Activity: Print exactly the line that contains "蘇州阿里云代理商:阿里云 IIS 配置 HTTPS" along with every line beneath it to the end of the records below, and omit pictures.

Data records:
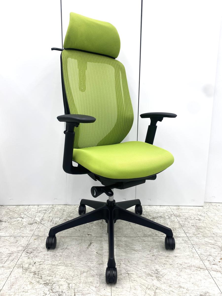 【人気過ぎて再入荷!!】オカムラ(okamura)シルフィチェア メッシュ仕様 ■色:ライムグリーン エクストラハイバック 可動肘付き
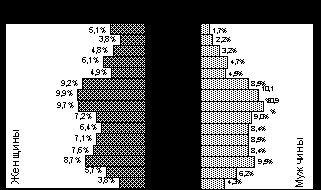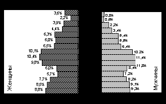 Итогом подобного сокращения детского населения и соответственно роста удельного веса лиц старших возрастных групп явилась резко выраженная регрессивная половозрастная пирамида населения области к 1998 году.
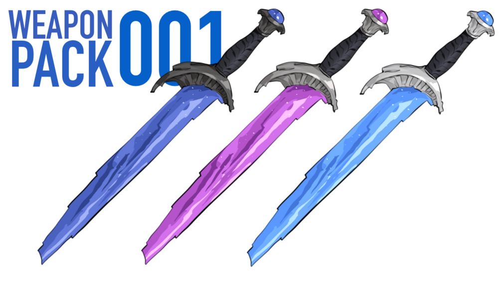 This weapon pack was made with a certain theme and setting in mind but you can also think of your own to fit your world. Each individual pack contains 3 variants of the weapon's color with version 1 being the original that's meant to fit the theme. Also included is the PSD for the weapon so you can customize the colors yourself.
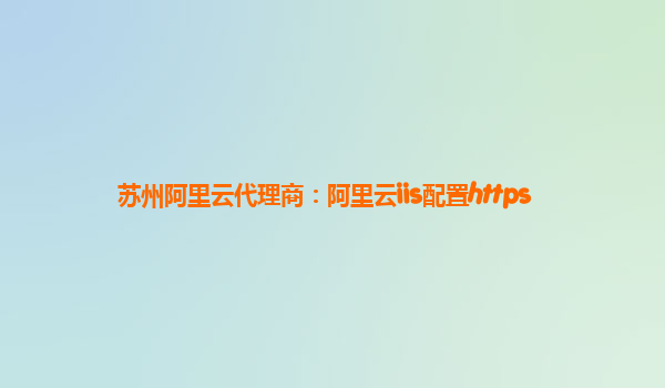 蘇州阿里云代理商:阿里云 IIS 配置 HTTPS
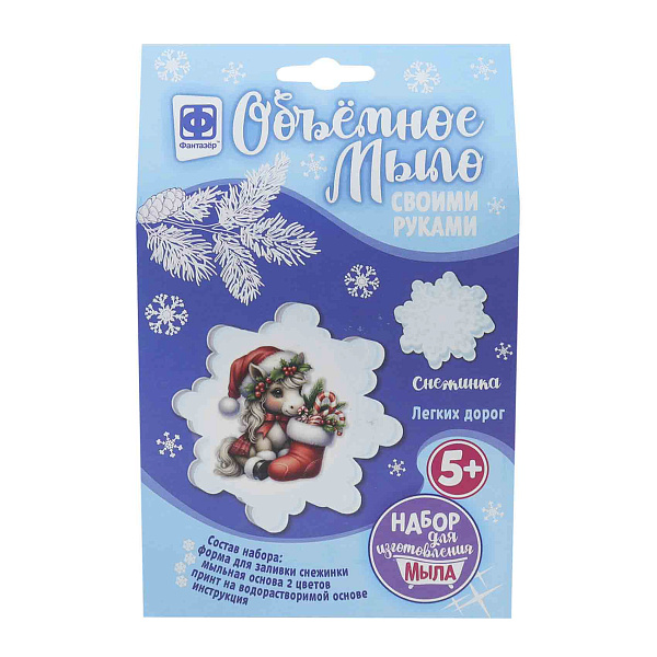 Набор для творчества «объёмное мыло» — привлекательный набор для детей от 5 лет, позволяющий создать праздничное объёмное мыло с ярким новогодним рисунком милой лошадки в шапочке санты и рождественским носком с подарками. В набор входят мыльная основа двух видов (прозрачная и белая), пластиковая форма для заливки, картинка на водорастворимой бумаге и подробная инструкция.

The completed task:
 蘇州阿里云代理商:阿里云 IIS 配置 HTTPS
 Набор для творчества «объёмное мыло» — привлекательный набор для детей от 5 лет, позволяющий создать праздничное объёмное мыло с ярким новогодним рисунком милой лошадки в шапочке санты и рождественским носком с подарками. В набор входят мыльная основа двух видов (прозрачная и белая), пластиковая форма для заливки, картинка на водорастворимой бумаге и подробная инструкция.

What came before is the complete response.